LC representatives said they hoped to convert as much of the name authority file as possible. Several procedural issues arose: for example, would conversion include NARs contributed via OCLC or RLIN? It was suggested that 670 fields not be converted, but concern was expressed over the resulting lack of agreement between that field and corresponding headings and references. Further, it was agreed that records with Chinese 1xx headings which were not created according to systematic Wade-Giles romanization (i.e. well-established English-language form), but do include systematic Wade-Giles 4xx references, would not be systematically converted.

It was agreed that name authorities should bear some indication that they have been converted to pinyin.
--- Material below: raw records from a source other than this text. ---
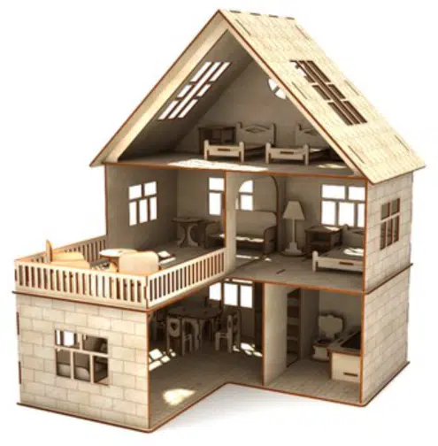 Te compartimos un vector descargable para reproducir el diseño de una casa de muñecas de tres niveles, con terraza.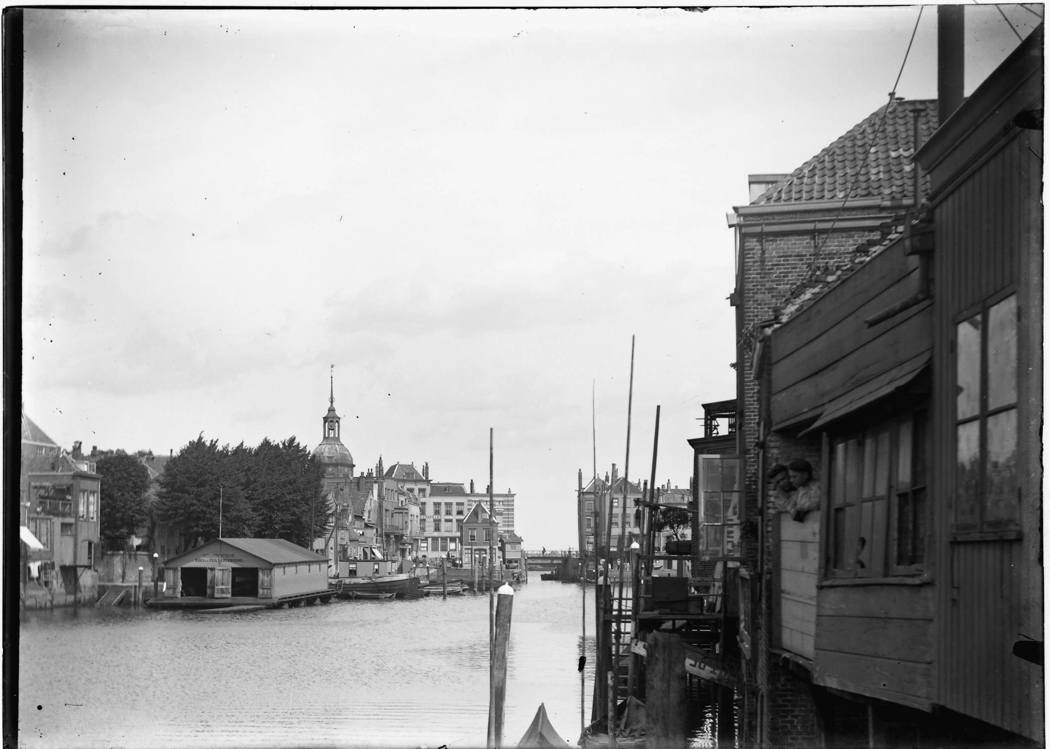 - Wijnhaven met het botenhuis van de Koninklijke Dordrechtsche Roei- en Zeilvereeniging. Op de achtergrond de Groothoofdspoort, hotel Bellevue en de Boombrug. De huizen rechts staan aan de Taankade.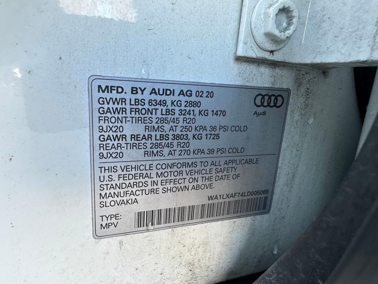 2020 AUDI Q7 | WA1LXAF74LD005065

LC will be exploring the possibility of adding a "flag" to identify language, script and romanization scheme at the field level in a forthcoming proposal to MARBI. Although it could be too costly to add such an identifier to past records, it could be added during the conversion process, and to new records after implementation.

Subject headings containing WG elements were not seen as a major problem because they are not numerous.

Conversion of files and a switch to pinyin will affect classification, especially works of literature by personal authors, geographical locations, and second cutters. However, individual libraries make their own policies about cuttering. Therefore, LC was urged to set and announce its policy, so that others could take what steps they felt were appropriate.

RLG offered to establish a listserv to further effective communications between the parties as planning progresses. It was agreed that the parties would meet again on the issue of pinyin conversion when it is found to be mutually desirable.


Originally posted on EASTLIB, this joint statement is published here with the permission from the original sender.